- Task objective
Given the material below, return only the lines starting at the line with "店內選書以法語繪本、童書、文學作品或是人文社會科學領域的書籍為主。" and ending at the line with "FAU ESTÚDIO DE CONTEÚDO", exactly as they appear.

- Information given

======

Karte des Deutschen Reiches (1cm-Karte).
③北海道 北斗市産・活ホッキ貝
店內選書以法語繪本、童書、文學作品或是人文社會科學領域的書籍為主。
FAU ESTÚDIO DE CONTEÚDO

======

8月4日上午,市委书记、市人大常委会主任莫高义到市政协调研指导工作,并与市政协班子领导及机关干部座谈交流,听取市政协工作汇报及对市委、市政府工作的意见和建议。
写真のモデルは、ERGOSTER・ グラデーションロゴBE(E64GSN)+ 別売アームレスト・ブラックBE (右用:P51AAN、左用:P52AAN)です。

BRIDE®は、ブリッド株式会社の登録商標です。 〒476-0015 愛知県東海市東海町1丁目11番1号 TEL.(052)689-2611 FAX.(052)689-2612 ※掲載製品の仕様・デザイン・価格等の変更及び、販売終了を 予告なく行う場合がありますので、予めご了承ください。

======

- The completed task
店內選書以法語繪本、童書、文學作品或是人文社會科學領域的書籍為主。
FAU ESTÚDIO DE CONTEÚDO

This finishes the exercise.